* What you should do:
Please give back only the lines below from the one containing "支持收藏功能。 - 支持最近浏览历史功能,让应用更贴心、更懂你。" to the one containing "雅安交建集團(tuán)大興", each repeated word for word, both ends included.

* Given records:
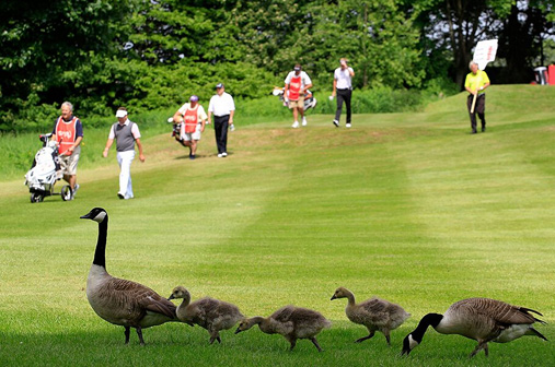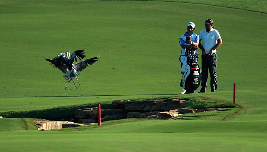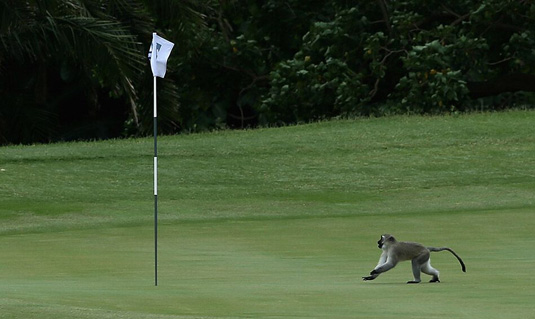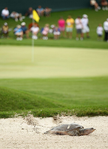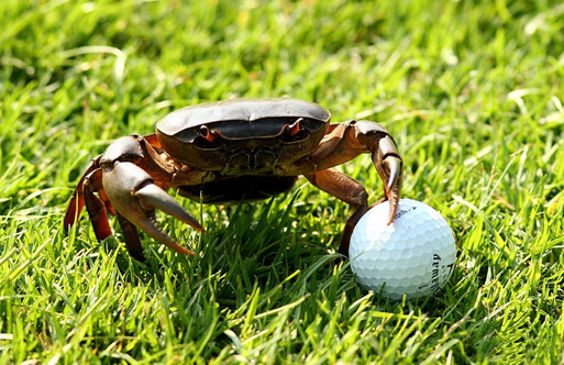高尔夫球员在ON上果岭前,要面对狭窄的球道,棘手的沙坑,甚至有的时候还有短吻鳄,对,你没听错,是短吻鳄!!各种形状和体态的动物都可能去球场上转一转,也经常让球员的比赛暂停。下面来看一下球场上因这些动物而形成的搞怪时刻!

...

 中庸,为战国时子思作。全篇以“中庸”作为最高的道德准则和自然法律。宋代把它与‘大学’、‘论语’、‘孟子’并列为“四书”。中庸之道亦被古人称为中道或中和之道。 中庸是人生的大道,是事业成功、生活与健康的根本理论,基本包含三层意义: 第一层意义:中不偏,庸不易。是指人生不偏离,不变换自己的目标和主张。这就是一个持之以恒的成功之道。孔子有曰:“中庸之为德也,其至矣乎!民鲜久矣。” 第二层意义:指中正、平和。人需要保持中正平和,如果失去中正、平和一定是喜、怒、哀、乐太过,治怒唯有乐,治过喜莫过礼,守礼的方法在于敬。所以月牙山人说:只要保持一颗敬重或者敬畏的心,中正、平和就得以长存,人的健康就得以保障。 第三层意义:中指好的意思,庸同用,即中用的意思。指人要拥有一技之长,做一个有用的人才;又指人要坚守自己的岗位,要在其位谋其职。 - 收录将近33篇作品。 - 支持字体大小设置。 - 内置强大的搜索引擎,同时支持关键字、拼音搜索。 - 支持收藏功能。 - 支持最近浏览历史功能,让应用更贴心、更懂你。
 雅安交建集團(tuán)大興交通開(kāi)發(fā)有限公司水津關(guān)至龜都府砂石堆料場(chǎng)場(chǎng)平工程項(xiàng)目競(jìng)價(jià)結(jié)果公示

* Result for this task:
 中庸,为战国时子思作。全篇以“中庸”作为最高的道德准则和自然法律。宋代把它与‘大学’、‘论语’、‘孟子’并列为“四书”。中庸之道亦被古人称为中道或中和之道。 中庸是人生的大道,是事业成功、生活与健康的根本理论,基本包含三层意义: 第一层意义:中不偏,庸不易。是指人生不偏离,不变换自己的目标和主张。这就是一个持之以恒的成功之道。孔子有曰:“中庸之为德也,其至矣乎!民鲜久矣。” 第二层意义:指中正、平和。人需要保持中正平和,如果失去中正、平和一定是喜、怒、哀、乐太过,治怒唯有乐,治过喜莫过礼,守礼的方法在于敬。所以月牙山人说:只要保持一颗敬重或者敬畏的心,中正、平和就得以长存,人的健康就得以保障。 第三层意义:中指好的意思,庸同用,即中用的意思。指人要拥有一技之长,做一个有用的人才;又指人要坚守自己的岗位,要在其位谋其职。 - 收录将近33篇作品。 - 支持字体大小设置。 - 内置强大的搜索引擎,同时支持关键字、拼音搜索。 - 支持收藏功能。 - 支持最近浏览历史功能,让应用更贴心、更懂你。
 雅安交建集團(tuán)大興交通開(kāi)發(fā)有限公司水津關(guān)至龜都府砂石堆料場(chǎng)場(chǎng)平工程項(xiàng)目競(jìng)價(jià)結(jié)果公示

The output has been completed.